Re: [PATCH 0/4] serial: omap: robustify for high speed transfers

Peter Hurley <peter@xxxxxxxxxxxxxxxxxx> · Mon, 25 Jan 2016 10:56:11 -0800

On 01/22/2016 02:27 AM, John Ogness wrote:
> The DMA-enabled OMAP UART driver in its current form queues 48 bytes for a
> DMA-RX transfer. After the transfer is complete, a new transfer of 48 bytes
> is queued. The DMA completion callback runs in tasklet context, so a
> reschedule with context switch is required for the completion to be
> processed and the next 48 bytes to be queued.
> 
> When running at a high speed such as 3Mbit, the CPU has 128us between when
> the DMA hardware transfer completes and when the DMA hardware must be fully
> prepared for the next transfer. For an embedded board running applications,
> this does not give the CPU much time. If the UART is using hardware flow
> control, this situation results in a dramatic decrease in real transfer
> speeds. If flow control is not used, the CPU will almost certainly be
> forced to drop data.

I'm not convinced by this logic at all.
Tasklets are not affected by the scheduler because they run in softirq.
Or is this -RT?

I'm not seeing this problem on other platforms at this baud rate, and
on this platform, all I see is lockups with DMA.
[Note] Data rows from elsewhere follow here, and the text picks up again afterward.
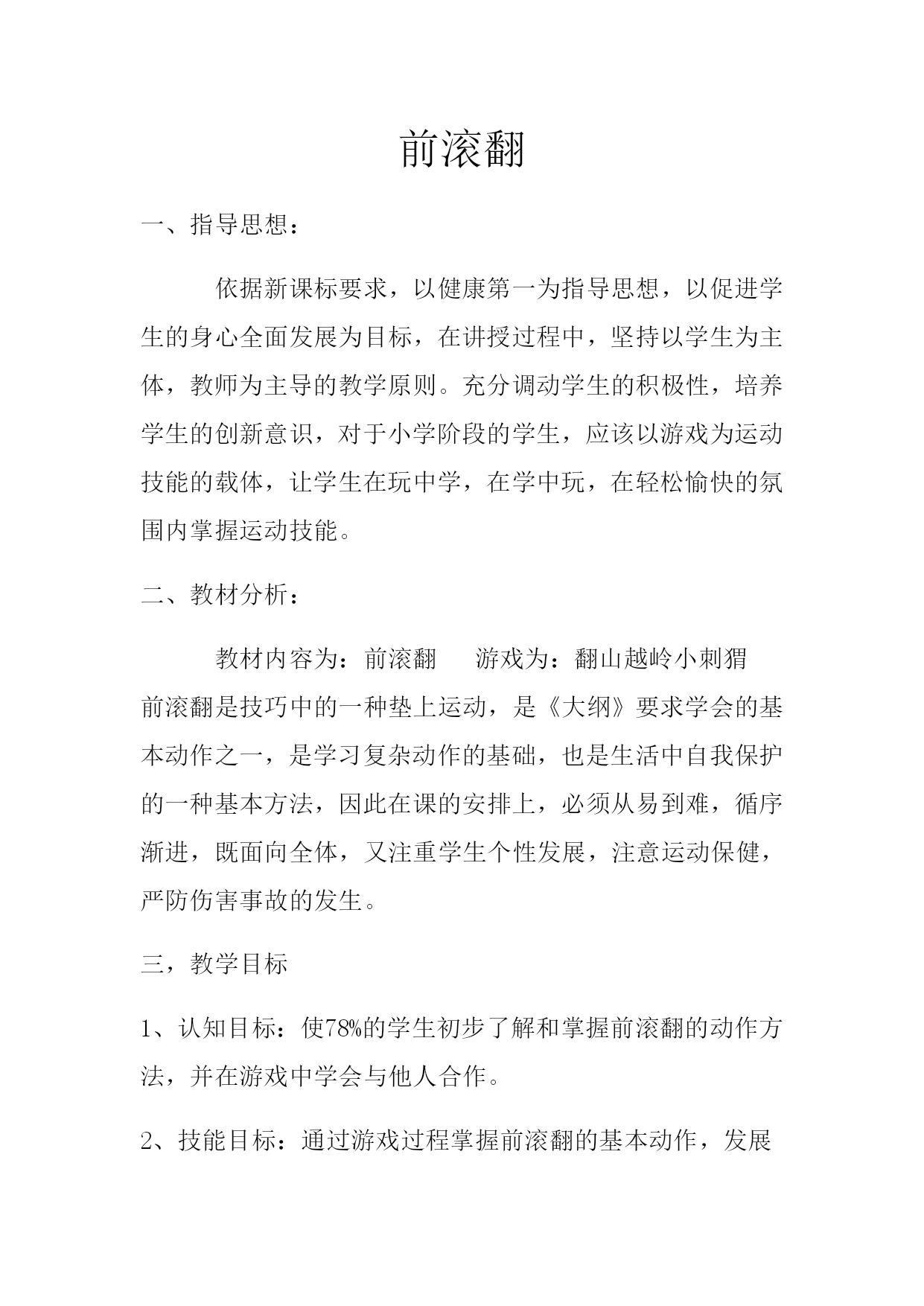 前滚翻一、指导思想:依据新课标要求,以健康第一为指导思想,以促进学生的身心全面发展为目标,在讲授过程中,坚持以学生为主体,教师为主导的教学原则。充分调动学生的积极性,培养学生的创新意识,对于小学阶段的学生,应该以游戏为运动技能的载体,让学生在玩中学,在学中玩,在轻松愉快的氛围内掌握运动技能。二、教材分析:教材内容为:前滚翻游戏为:翻山越岭小刺猬前滚翻是技巧中的一种垫上运动,是《大纲》要求学会的基本动作之一,是学习复杂动作的基础,也是生活中自我保护的一种基本方法,因此在课的安排上,必须从易到难,循序渐进,既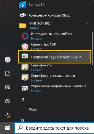 4.1. Откройте Главное меню, прокрутите список программ и нажмите КРИПТО-ПРО → Настройки ЭЦП Browser Plug-in.
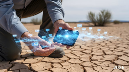 A man crouches on dry cracked earth, holding a smartphone with a glowing blue digital data graph...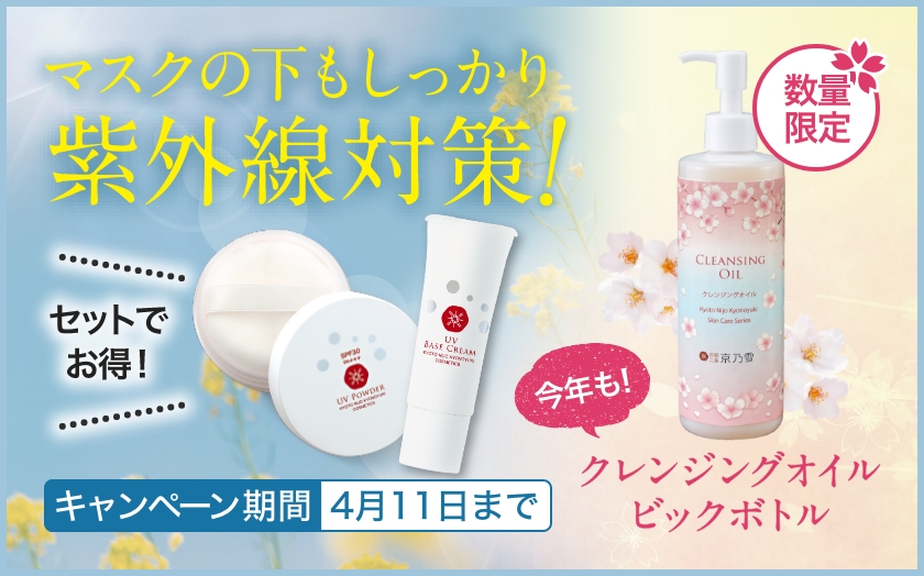 京乃雪のUVケアは27種類の和漢植物エキス配合で、肌にやさしくしっとりした使い心地。長時間つけてもお肌の乾燥を感じません。今なら2点セットで10%OFF!この機会にぜひ、紫外線からお肌を守るお手入れを始めましょう!

What is the test setup to reproduce these results?

> This patch series modifies the UART driver to use cyclic DMA transfers
> with a growable ring buffer to accommodate baud rates. The ring buffer is
> large enough to hold at least 1s of RX-data. 

> (At 3Mbit that is 367KiB.)

Math slightly off because the frame is typically 10 bits, not 8.

> In order to ensure that data in the ring buffer is not overwritten before
> being processed by the tty layer, a hrtimer is used as a watchdog.

How'd it go from "We're just missing 128us window" to "This holds 1s of data"?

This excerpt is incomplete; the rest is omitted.